(Work request) Lines below containing the word "with" should be copied out.

(Dataset Opens)

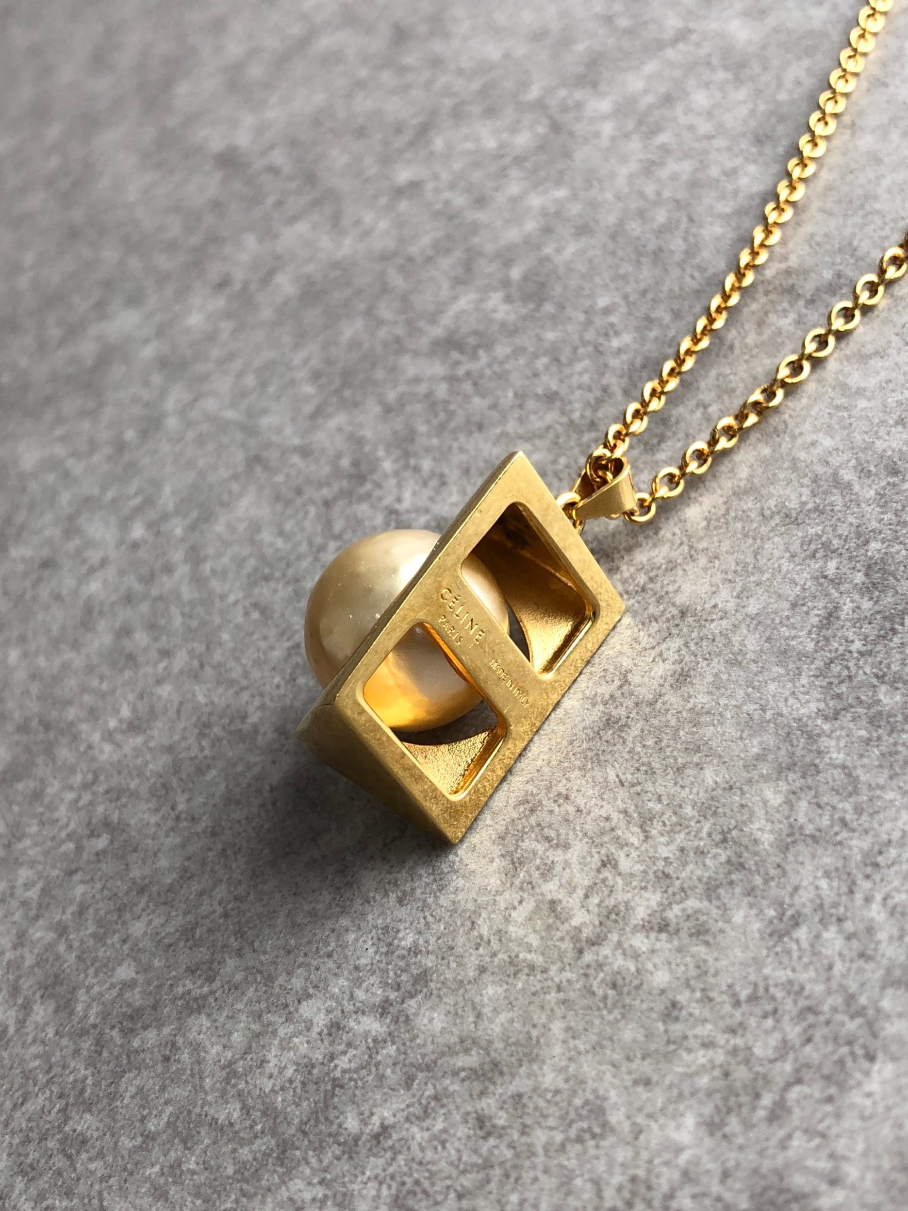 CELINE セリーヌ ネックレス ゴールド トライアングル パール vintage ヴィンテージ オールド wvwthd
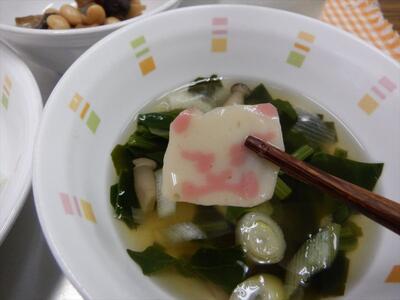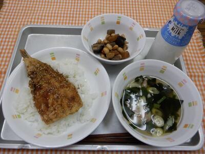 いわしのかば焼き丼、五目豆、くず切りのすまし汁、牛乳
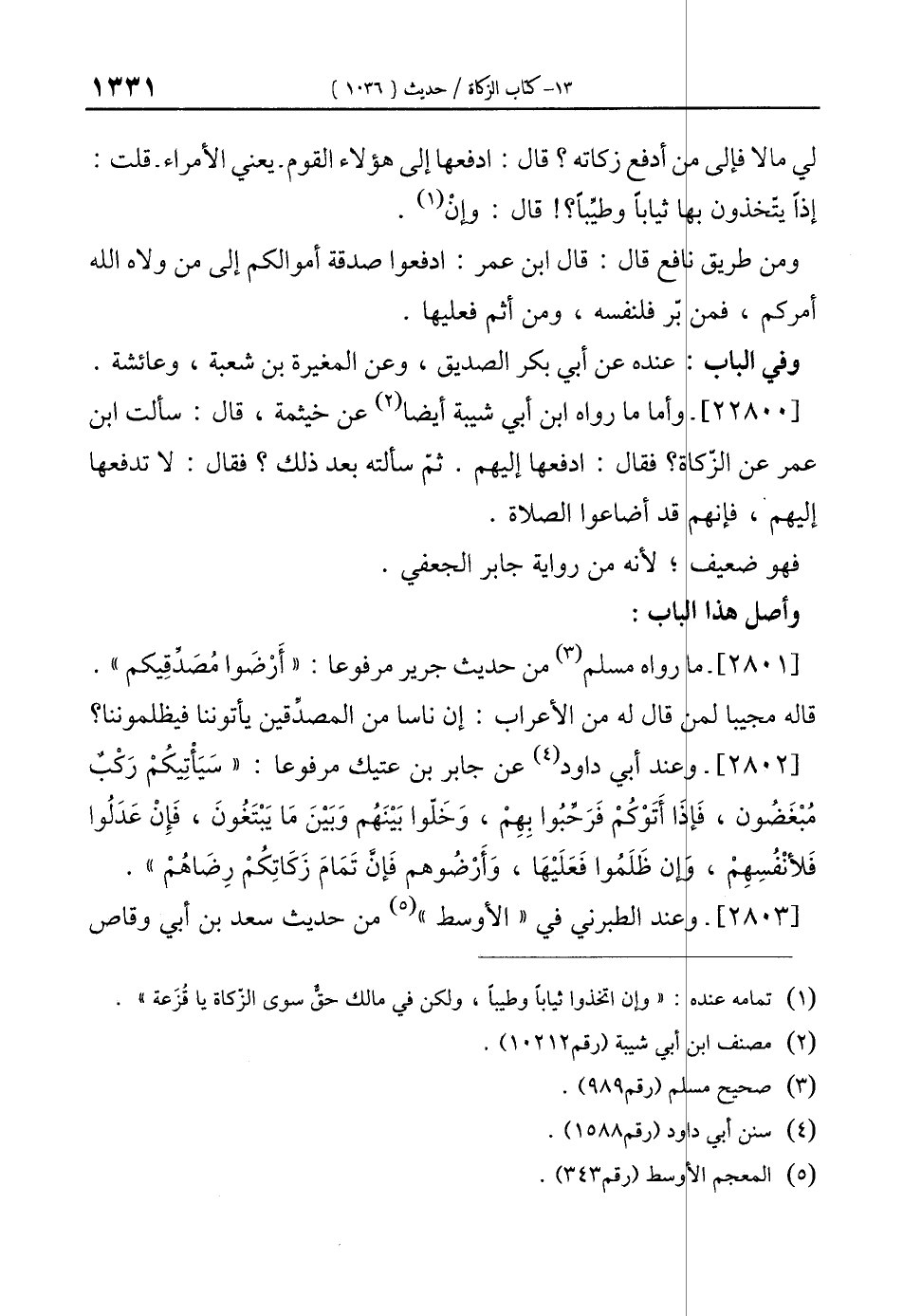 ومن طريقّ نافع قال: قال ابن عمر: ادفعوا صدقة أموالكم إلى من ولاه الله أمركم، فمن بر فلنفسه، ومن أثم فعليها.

(Dataset Closes)
(Dataset Opens)

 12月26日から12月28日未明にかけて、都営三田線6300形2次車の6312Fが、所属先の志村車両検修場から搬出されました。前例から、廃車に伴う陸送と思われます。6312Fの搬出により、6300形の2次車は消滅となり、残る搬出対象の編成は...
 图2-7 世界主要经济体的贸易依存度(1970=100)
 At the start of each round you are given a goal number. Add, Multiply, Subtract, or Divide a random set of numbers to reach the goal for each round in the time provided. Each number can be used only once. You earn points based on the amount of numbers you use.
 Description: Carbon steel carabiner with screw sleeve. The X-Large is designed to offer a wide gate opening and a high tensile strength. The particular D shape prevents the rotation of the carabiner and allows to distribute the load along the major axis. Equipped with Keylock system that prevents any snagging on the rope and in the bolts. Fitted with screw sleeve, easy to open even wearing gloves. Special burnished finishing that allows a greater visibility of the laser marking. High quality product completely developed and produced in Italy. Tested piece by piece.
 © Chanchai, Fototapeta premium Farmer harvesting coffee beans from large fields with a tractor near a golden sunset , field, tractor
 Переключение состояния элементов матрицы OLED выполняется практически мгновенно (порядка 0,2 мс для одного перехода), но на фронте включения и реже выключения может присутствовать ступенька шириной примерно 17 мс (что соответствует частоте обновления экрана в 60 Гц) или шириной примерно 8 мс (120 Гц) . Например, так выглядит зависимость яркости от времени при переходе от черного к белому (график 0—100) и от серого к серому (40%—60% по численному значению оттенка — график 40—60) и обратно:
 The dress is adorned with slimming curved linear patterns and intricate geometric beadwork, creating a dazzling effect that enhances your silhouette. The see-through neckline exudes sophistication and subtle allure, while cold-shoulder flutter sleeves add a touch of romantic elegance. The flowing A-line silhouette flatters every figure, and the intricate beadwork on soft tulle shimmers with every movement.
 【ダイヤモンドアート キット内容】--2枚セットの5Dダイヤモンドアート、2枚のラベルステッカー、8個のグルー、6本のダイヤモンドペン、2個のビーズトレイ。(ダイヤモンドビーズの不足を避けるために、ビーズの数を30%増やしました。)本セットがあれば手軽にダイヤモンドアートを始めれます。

(Dataset Closes)

(Written solution)
 Description: Carbon steel carabiner with screw sleeve. The X-Large is designed to offer a wide gate opening and a high tensile strength. The particular D shape prevents the rotation of the carabiner and allows to distribute the load along the major axis. Equipped with Keylock system that prevents any snagging on the rope and in the bolts. Fitted with screw sleeve, easy to open even wearing gloves. Special burnished finishing that allows a greater visibility of the laser marking. High quality product completely developed and produced in Italy. Tested piece by piece.
 © Chanchai, Fototapeta premium Farmer harvesting coffee beans from large fields with a tractor near a golden sunset , field, tractor
 The dress is adorned with slimming curved linear patterns and intricate geometric beadwork, creating a dazzling effect that enhances your silhouette. The see-through neckline exudes sophistication and subtle allure, while cold-shoulder flutter sleeves add a touch of romantic elegance. The flowing A-line silhouette flatters every figure, and the intricate beadwork on soft tulle shimmers with every movement.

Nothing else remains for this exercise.